---------- Source information

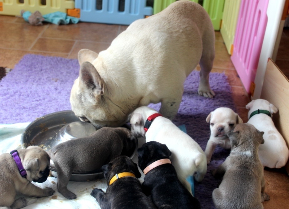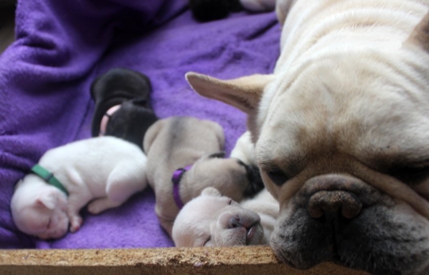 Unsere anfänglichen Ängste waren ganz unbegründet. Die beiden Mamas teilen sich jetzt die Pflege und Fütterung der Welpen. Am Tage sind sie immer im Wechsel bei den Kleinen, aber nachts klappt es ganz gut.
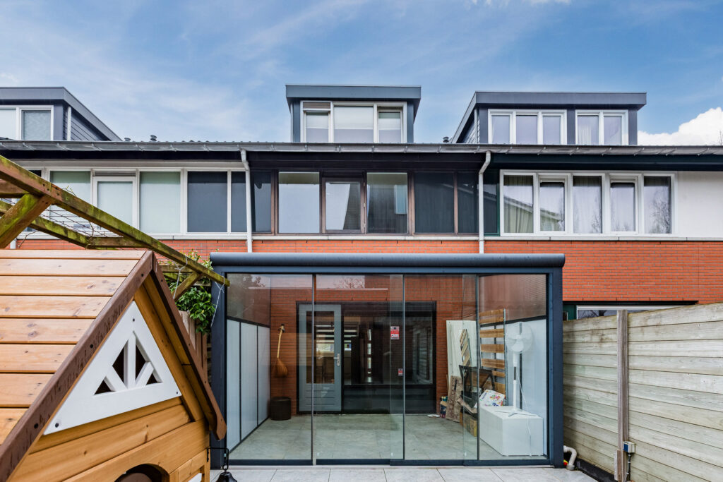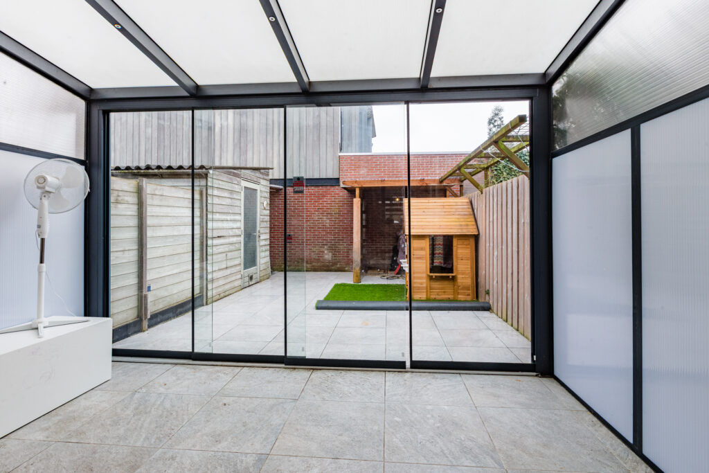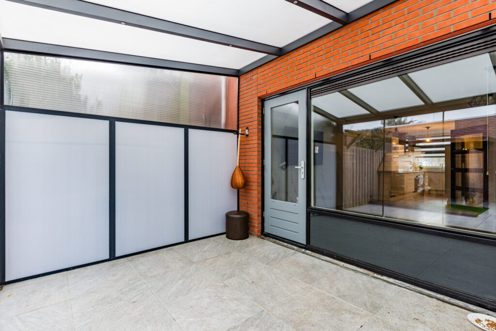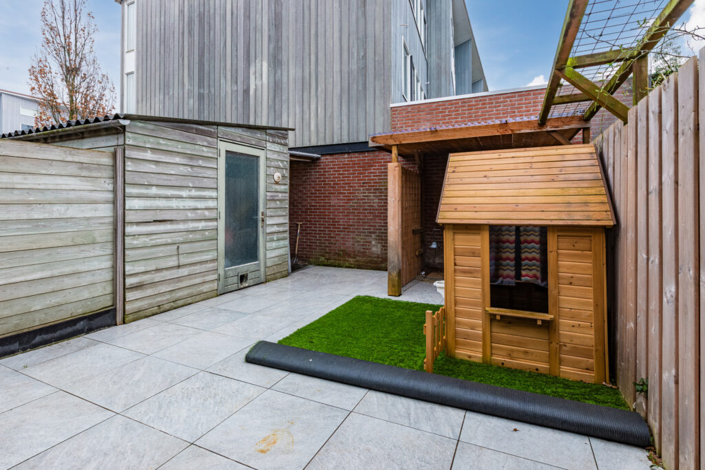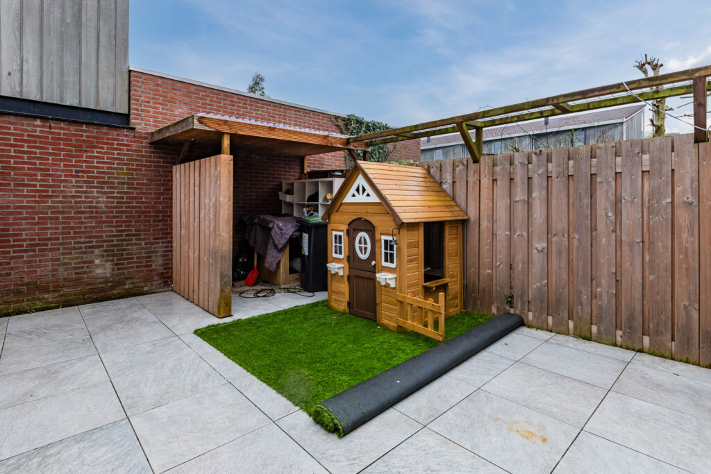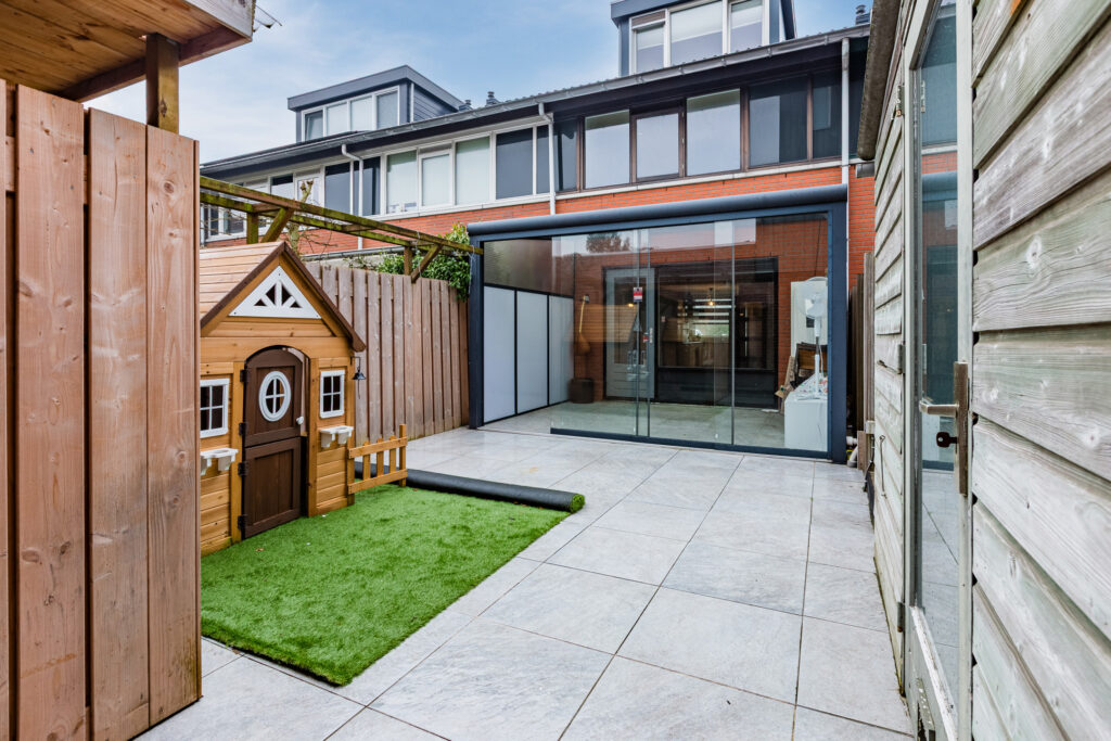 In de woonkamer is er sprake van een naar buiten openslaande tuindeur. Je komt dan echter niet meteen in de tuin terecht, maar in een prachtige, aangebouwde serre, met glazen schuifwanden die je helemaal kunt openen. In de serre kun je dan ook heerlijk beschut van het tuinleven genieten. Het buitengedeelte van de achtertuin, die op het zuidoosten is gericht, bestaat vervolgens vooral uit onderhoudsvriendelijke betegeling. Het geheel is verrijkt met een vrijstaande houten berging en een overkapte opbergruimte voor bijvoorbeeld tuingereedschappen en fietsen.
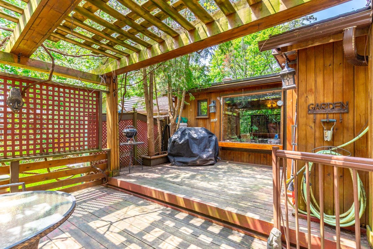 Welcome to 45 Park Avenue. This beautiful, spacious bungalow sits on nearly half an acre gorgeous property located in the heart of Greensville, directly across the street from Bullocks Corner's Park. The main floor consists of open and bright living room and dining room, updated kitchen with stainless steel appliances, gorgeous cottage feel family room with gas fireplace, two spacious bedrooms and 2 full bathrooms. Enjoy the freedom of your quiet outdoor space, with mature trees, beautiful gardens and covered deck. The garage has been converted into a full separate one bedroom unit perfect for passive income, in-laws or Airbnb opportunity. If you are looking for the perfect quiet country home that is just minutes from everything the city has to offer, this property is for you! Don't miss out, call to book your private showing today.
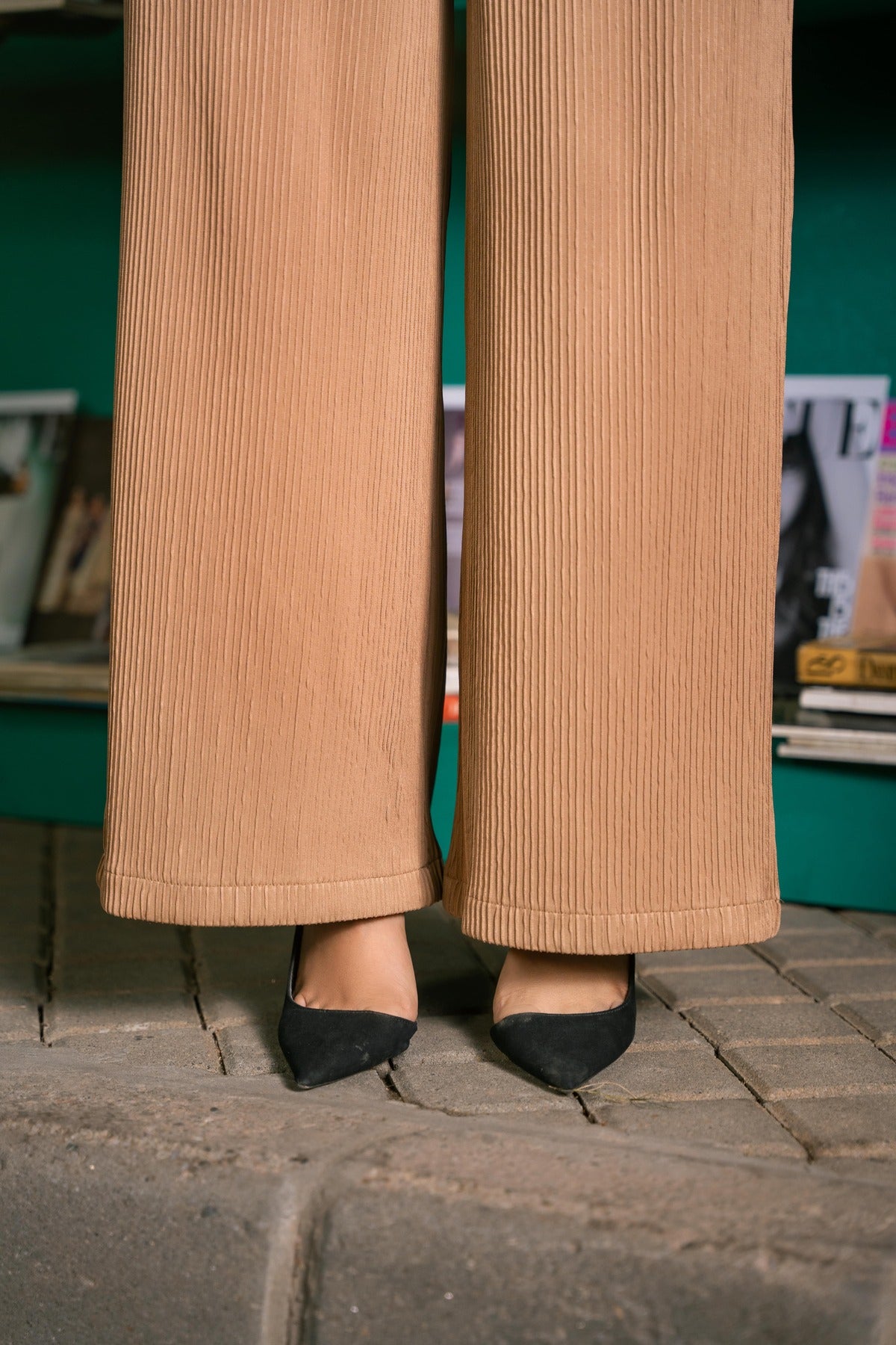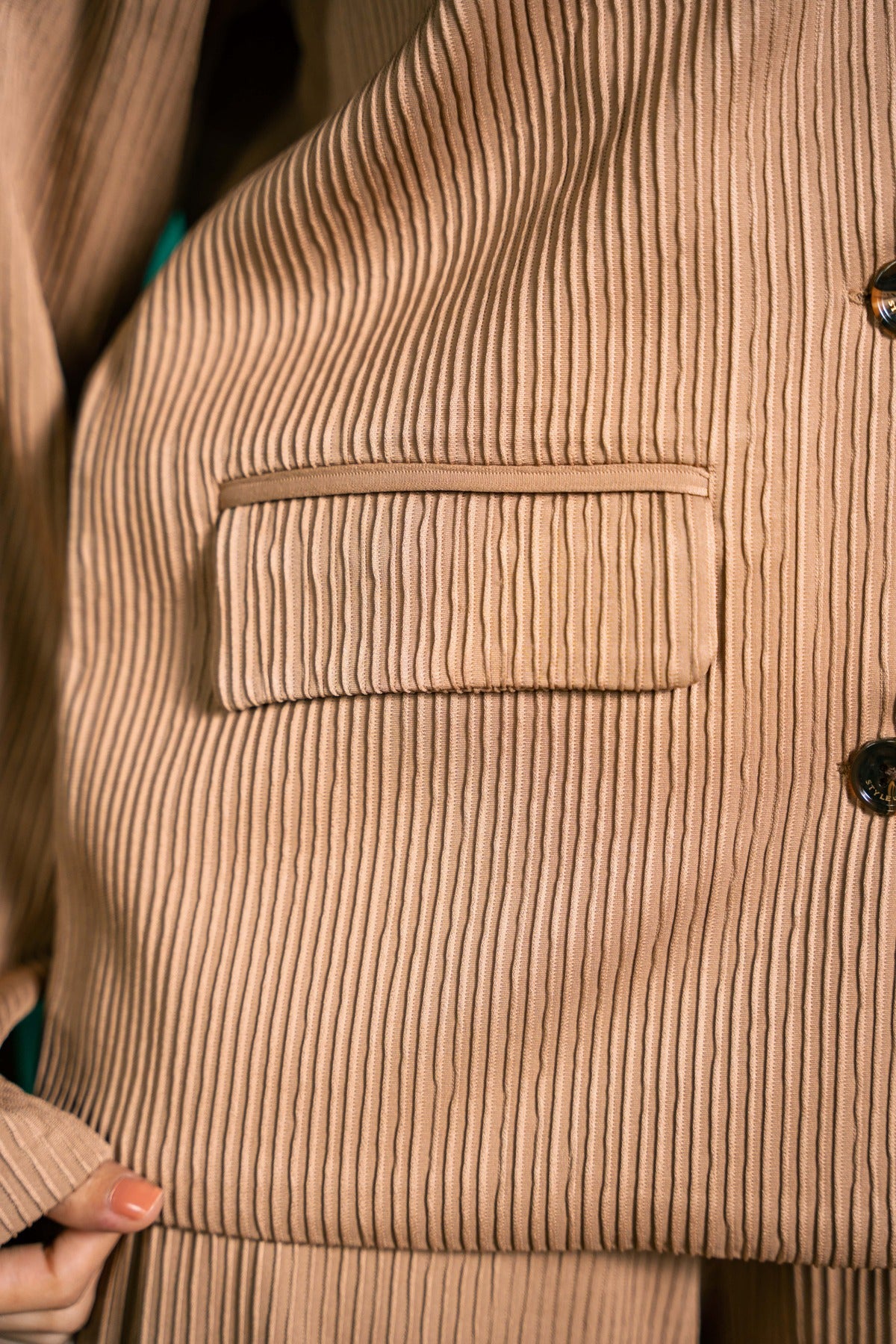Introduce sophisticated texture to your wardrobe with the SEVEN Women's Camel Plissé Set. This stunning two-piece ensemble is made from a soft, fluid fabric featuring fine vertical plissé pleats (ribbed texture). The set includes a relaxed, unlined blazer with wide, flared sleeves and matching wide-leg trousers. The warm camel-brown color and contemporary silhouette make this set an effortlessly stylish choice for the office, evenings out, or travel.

--------------------
---------- Source information

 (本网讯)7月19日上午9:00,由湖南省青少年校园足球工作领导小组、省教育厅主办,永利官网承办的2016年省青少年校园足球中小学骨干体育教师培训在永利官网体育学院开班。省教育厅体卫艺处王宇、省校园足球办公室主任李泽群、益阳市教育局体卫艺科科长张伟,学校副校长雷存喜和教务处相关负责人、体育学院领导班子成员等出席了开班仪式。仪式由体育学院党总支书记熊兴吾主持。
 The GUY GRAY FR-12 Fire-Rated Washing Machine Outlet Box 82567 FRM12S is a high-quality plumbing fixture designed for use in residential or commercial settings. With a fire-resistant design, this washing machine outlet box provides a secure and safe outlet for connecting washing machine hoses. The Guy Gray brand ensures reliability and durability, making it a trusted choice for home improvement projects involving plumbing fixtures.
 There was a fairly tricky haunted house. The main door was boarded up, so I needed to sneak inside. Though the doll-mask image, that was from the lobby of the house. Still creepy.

--------------------
---------- Source information

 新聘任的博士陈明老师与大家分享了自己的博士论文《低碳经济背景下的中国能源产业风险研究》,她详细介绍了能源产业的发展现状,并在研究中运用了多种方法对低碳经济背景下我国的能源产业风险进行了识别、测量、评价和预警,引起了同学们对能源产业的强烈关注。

--------------------

Would you output, from the records above, exactly the run of lines that starts at the line containing "(本网讯)7月19日上午9:00,由湖南" and ends at the line containing "The GUY GRAY FR-12", and only that run?

» Answer space:
 (本网讯)7月19日上午9:00,由湖南省青少年校园足球工作领导小组、省教育厅主办,永利官网承办的2016年省青少年校园足球中小学骨干体育教师培训在永利官网体育学院开班。省教育厅体卫艺处王宇、省校园足球办公室主任李泽群、益阳市教育局体卫艺科科长张伟,学校副校长雷存喜和教务处相关负责人、体育学院领导班子成员等出席了开班仪式。仪式由体育学院党总支书记熊兴吾主持。
 The GUY GRAY FR-12 Fire-Rated Washing Machine Outlet Box 82567 FRM12S is a high-quality plumbing fixture designed for use in residential or commercial settings. With a fire-resistant design, this washing machine outlet box provides a secure and safe outlet for connecting washing machine hoses. The Guy Gray brand ensures reliability and durability, making it a trusted choice for home improvement projects involving plumbing fixtures.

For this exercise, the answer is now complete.